Cada jogador terá a própria embarcação para navegar. Como a rota da expedição foi planejada a partir das polêmicas teorias que colocam os chineses como os primeiros grandes navegadores (e descobridores) do mundo, cada participante do game começa como capitão de uma antiga embarcação chinesa, podendo transformá-la em um veleiro moderno e sustentável como o novo Kat, dependendo do seu desempenho em cada etapa.

“Estamos desenvolvendo o jogo há dois anos”, comenta Ludmilla Rossi, da desenvolvedora Mukutu. “Ele não chega a ser um advergame, embora conte com três capítulos representando os três pilares da expedição e seus respectivos patrocinadores”, explica.

São eles, sustentabilidade (com conteúdos da Solvi), segurança (HDI Seguros) e educação/cultura (Estácio). Os desafios propostos em cada um deles renderão vidas e pontos extras aos jogadores, ferramentas, etc.

Toda a dinâmica do jogo acontecerá de acordo com a própria aventura dos Schurmann nos mares do planeta. Os participantes acompanharão cada trecho da Expedição Oriente, que será a fonte de inspiração para as perguntas e os desafios dos patrocinadores. Inicialmente serão 11 (onze) trechos representando os locais a serem visitados pela Família Schurmann durante a Expedição Oriente. Planejamento será fundamental para não abandonar a expedição no meio.

Vale ressaltar também que cada jogador poderá contar com uma tripulação de até duas pessoas.

Os únicos requisitos técnicos obrigatórios para jogar são ter um dispositivo com acesso à Internet e, no caso de usuários de computadores, o plugin Adobe Flash Player em funcionamento, sendo ainda recomendada – mas não necessária – a utilização de um dos seguintes navegadores (browsers):

Em desktops (Windows e OS X)

– Google Chrome 31.0.1650.63 ou superior
– Firefox 25.0.1 ou superior
– Safari 6.0.3 ou superior
– Opera 18.0.1284 ou superior
– Internet Explorer 8 ou superior

Em mobile (iOS, Android e Windows Phone)

– Safari Mobile iOS 6 ou superior (iPhone e iPad)
– Navegador padrão Android 4.0 ou superior
– Chrome Mobile Android 4.0 ou superior
– Internet Explorer 10 para Windows Phone 8 ou superior

Atualização do site e das redes sociais
Pela primeira vez a tripulação do veleiro conta com profissionais de mídia, incluindo um cinegrafista e um editor de conteúdos para internet entre os 12 tripulantes.

Eles serão responsáveis pela geração de imagens e informações que alimentarão o site em quatro idiomas, incluindo o Mandarim.

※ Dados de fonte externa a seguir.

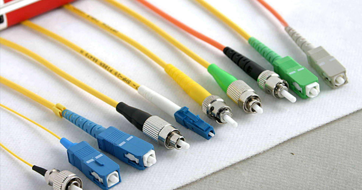 跳線在數據傳輸設備中一般用單模和多模來區分,單模跳線顏色通常為黃色,波長有兩種,分別為1310nm和1550nm,傳輸距離分別為10km和40km;多模跳線顏色通常為橙色,波長為850nm,傳輸距離為500m。根據接頭類型還可分為以下幾種:
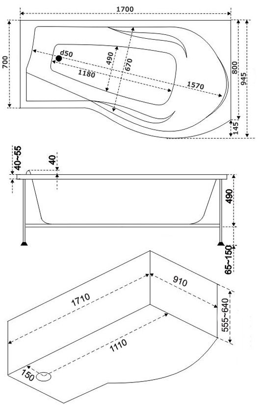 - Размеры: 1700 x 800 мм

A expectativa é de que muitas escolas possam usar esse conteúdo, bem como o educacional, das aulas de matemática com base nos conceitos da vela, aulas de história, conceitos de reciclagem, etc.

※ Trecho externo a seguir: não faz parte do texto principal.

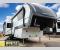 When you want travel accommodations to feel just like home! This Model Z luxury fifth wheel is bright and modern on the inside, with loads of amenities that will have you dreaming of your next trip! Enter and find a spacious combined living/kitchen space thanks to dual opposing slides. There is ample seating with a free standing dinette that includes a built-in utensil drawer, 62" theater seating, and a 72" tri-fold sofa along the rear wall. You can easily relax and enjoy the 50" Smart telescoping TV with a cozy fireplace below. The kitchen offers all that you need to prepare and cook meals just like home with a 16 cu. ft. refrigerator for your perishables, a 30" microwave oven, and three burner range top and oven. You will love the integrated spice rack, and the kitchen island all outfitted with dog bowls and double pull out trash bins with an integrated Stow & Go paper towel holder. There is also an 84" pantry with adjustable shelves for all of your canned and dry goods. Head up the steps to a private master suite with king bed slide. You can opt for the queen bed if you like. A sliding dresser top features hidden storage which is perfect for jewelry and other personal belongings. The front wardrobe features mirrored doors and the corner closet has been prepped for a stackable washer and dryer if you choose to add that option. Relax and enjoy a large bath featuring a linen cabinet, a 30" x 42" shower, and vanity with sink, plus medicine cabinet. You will also appreciate having dual showers on the outside of this unit, and a rear baggage door and mid-coach pass-through storage.

Vídeos e outros conteúdos maiores serão repassados para as equipes em terra na chegada em cada porto, para economizar bytes e também energia.

Todas as emoções serão transmitidas diariamente pelo site do projeto, além das páginas oficiais – em português – nas redes sociais Facebook, Twitter, YouTube e Instagram.

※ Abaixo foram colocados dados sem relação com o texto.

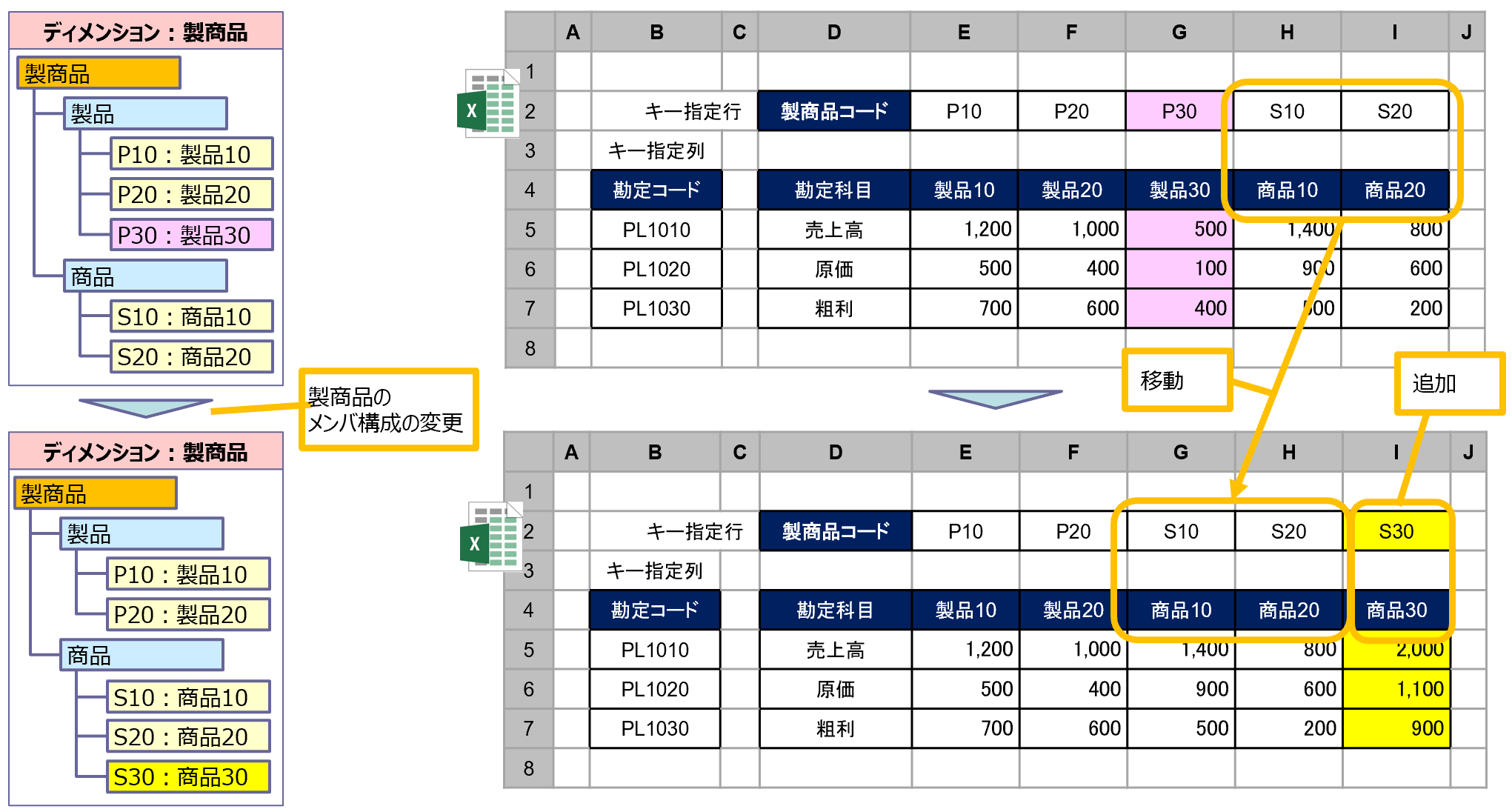 Excel Linkに設定したメンバは、Fusion_Palceの設定を変更した場合には、メンテナンスをする必要があります。

Para garantir a alimentação dos equipamentos de comunicação e geração de conteúdo, bem como o de todos os eletrodomésticos e da iluminação do do Kat, os Schurmann apostaram em várias fontes de geração de energia renovável: água, vento, sol e até a energia dos tripulantes, através do uso de duas bicicletas ergométricas, serão responsáveis por manter um banco de baterias de permanentemente carregado.

“Além das lâmpadas, ele abastece todo o eletrônico e a geladeira”, explica o capitão Vilfredo Schurmann. Dois hidrogeradores a 8 nós de velocidade são suficientes para carregar uma bateria de 100 ampères por hora, segundo ele.

As fontes renováveis serão responsáveis por suprir 40% de todo consumo de energia da expedição. “Só usaremos geradores para atividades de grande consumo, como a alimentação dos compressores durante os mergulhos”, comenta David. “Diminuir 40% de geração de emissão na atmosfera já é uma grande coisa”, completa.